You have probably heard by now that if you want to find out where you need to go and what you need to do to be happy or solve your problem, you should be aware of the signs, and see what the universe is telling you. Where it is directing you. Once you start doing that, being aware and present, you find yourself seeing them everywhere. But here comes the next dilemma;
What do you do with it. I have had so many occasions that I had a clear cut sign in front of me, about a subject that I didn’t know what to do about, and I still couldn’t figure out what the sign was telling me. I knew this was a sign, I knew I needed to pay attention to it, I knew it was coming from cosmic consciousness, and I tried so hard to think and think and think and asked myself, asked in meditation, asked in prayers, to tell me what does this mean? And, nothing. My mind and my ego kept bringing reasons, a calculated thought that “made sense” based on what I wanted in my mind. And they were not taking me anywhere. My journal was full of signs, and no result.
I had read somewhere that feelings are our directions. And I had forgotten about it, because basically I had confused my feelings about outside world, with my emotions. And today I was reminded of it.

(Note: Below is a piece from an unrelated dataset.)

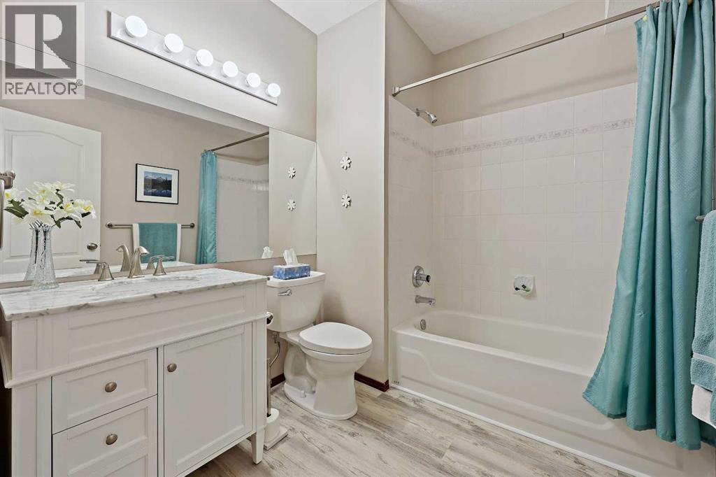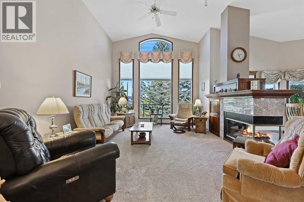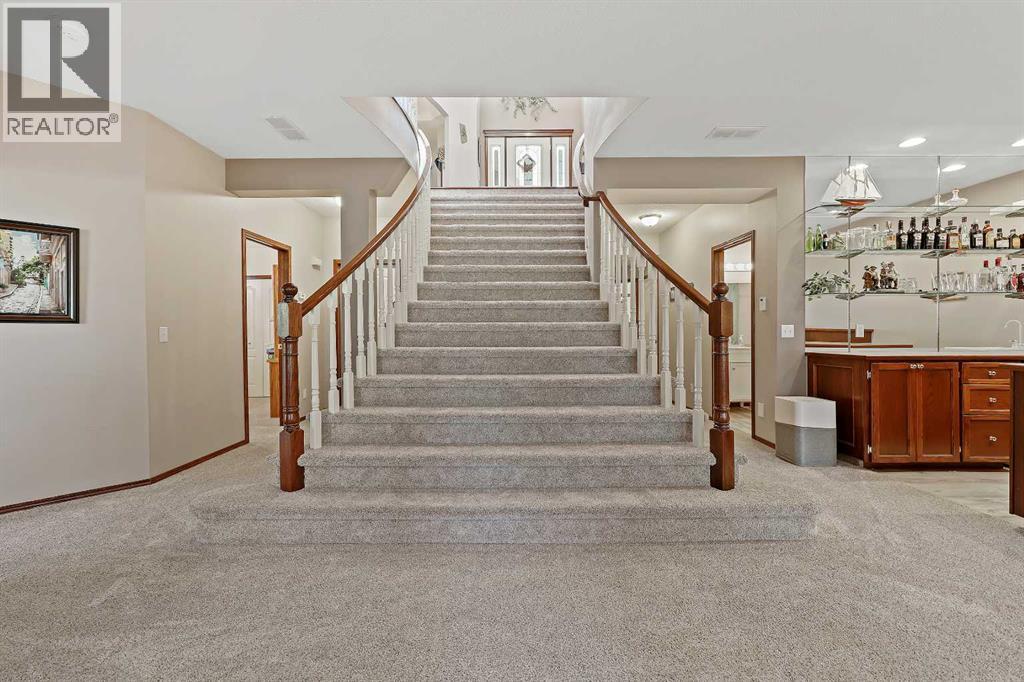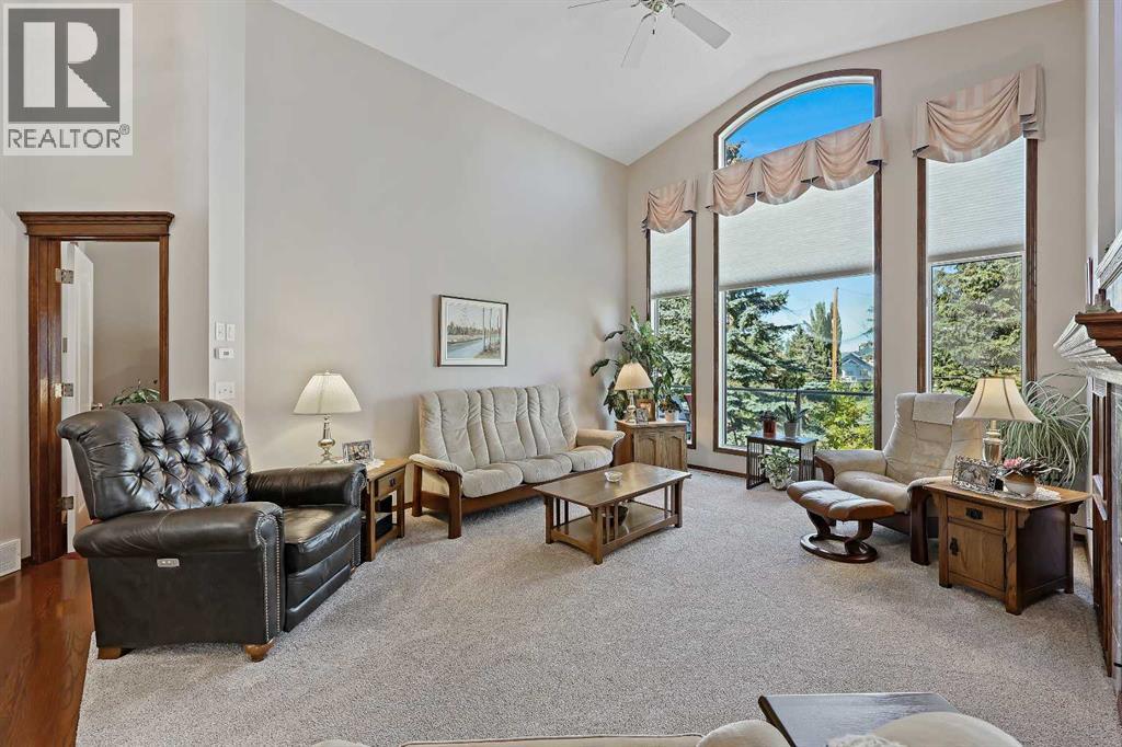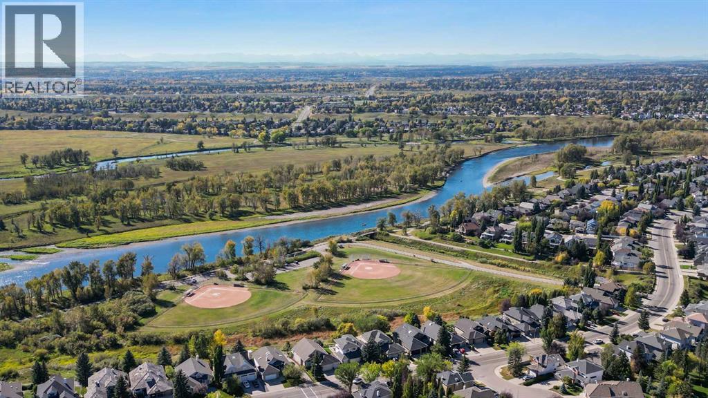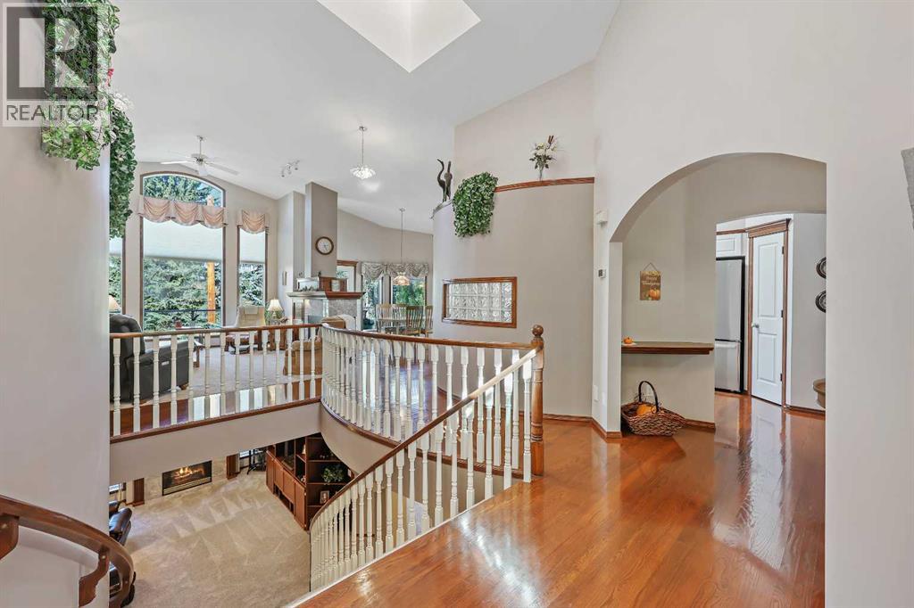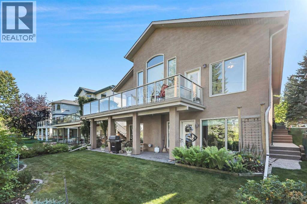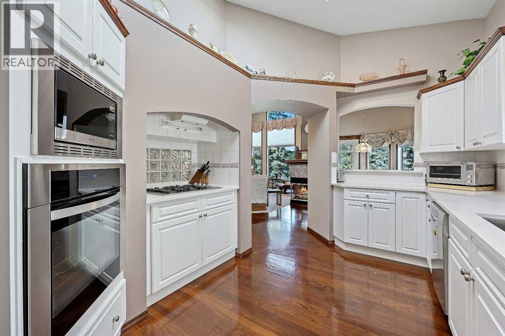 BEAUTIFULLY CURATED | AIR-CONDITIONED BUNGALOW | GOLF COURSE LOCATION | WALKOUT LOWER LEVEL | 3347+ SQ. FT. OF LUXURY LIVINGImmaculately maintained and thoughtfully designed, this custom-built Shane Home is one of the most desirable golf course bungalows in the highly sought-after community of Douglasdale. Perfectly situated on picturesque Douglasview Road—where pride of ownership shines—this fully finished home offers over 3347+ sq. ft. of refined living space.Step inside and be impressed by 14’ ceilings, vaulted family room ceilings, oversized windows, and raised skylight bays that flood the home with natural light. The heart of the home is the chef’s kitchen, featuring timeless raised-panel white cabinetry, white quartz counters, a gas cooktop, built-in wall oven, pantry, overhead skylight bay, and sleek stainless steel appliances. The kitchen flows into the dining room and breakfast nook, opening to the grand family room with soaring ceilings, a three-way fireplace, and expansive views of the private backyard. Gleaming hardwood floors and a flared staircase add a sense of elegance and warmth throughout.The spacious primary suite offers vaulted ceilings, a walk-in closet, and a spa-inspired ensuite with a jetted tub and dual vanities. The fully developed walkout lower level features in-floor heating, two additional bedrooms, a recreation room with wet bar, a dedicated office, a full bath, and an oversized utility/storage room—perfect for family living and entertaining.Step outside to your very own private oasis with an upper BBQ deck, lower concrete patio, large grassy area, and mature landscaping with trees offering beauty and privacy. The north-facing backyard is designed for relaxation and entertaining.Additional highlights include:• Central A/C for year-round comfort• Stone and stucco exterior with elegant curb appeal• Covered front porch for morning coffee moments• Resort-style outdoor living spacesThis is a rare offering in an outstanding go lf course community—luxury, lifestyle, and location all in one.Check & compare—this one is a must-see! Call your friendly REALTOR® today to book a private viewing. (id:53676)

I had this great reminder and revelation, when a guy sat at the next table to me at Starbucks and was doing the work that I studied 3 years to do. I knew him from somewhere, gym or something like that I believe. I knew surely this was not a coincidence, as nothing is of course. But a sign. It was a sign for me, because all morning I was thinking about what should I do with my education. And there it was… So there I was back to the same problem; What does this mean? I know it is a sign, but what is it saying to me. Until it came to me;
This is a sign, it is not a clue!! Clues suppose to give you direction, and this is not a clue. How do I FEEL about it? How does this sign make me feel. This sign is reminding me of my question, what does my heart feel about it?
And I instantly knew. It wasn’t about my mind trying to figure out what does the heart say. It was about how I feel when I see the sign. Universe is trying to show me how I feel about this. Trying to remind me what I truly want to do and what do I really want this sign to be.
So there you go, signs are there to show you how you feel, to remind you that stop fooling yourself and make you stop running away from your heart. When you sit down next to a guy and what they are saying makes you FEEL a certain way, there you have your answer. It is the FEELING that becomes a clue.
From now on, I know what to do with the signs; I will ask, be present, and see how that random sign on the street is making me feel. I do not need to find a reason for it, I do not need to calculate, and I do not have to stick with what I think it is. The ONLY thing I need to do is to see how I feel about it. Am I laughing? Getting annoyed? Getting happy? Encouraged? Scared? That is my clue. To move on or to Stick. Do I want to feel like this again, or no?
Stop treating signs as clues, because our feelings are the clues that come from the signs we receive. So pay attention to them, trust me it is peace that lies beneath all of it.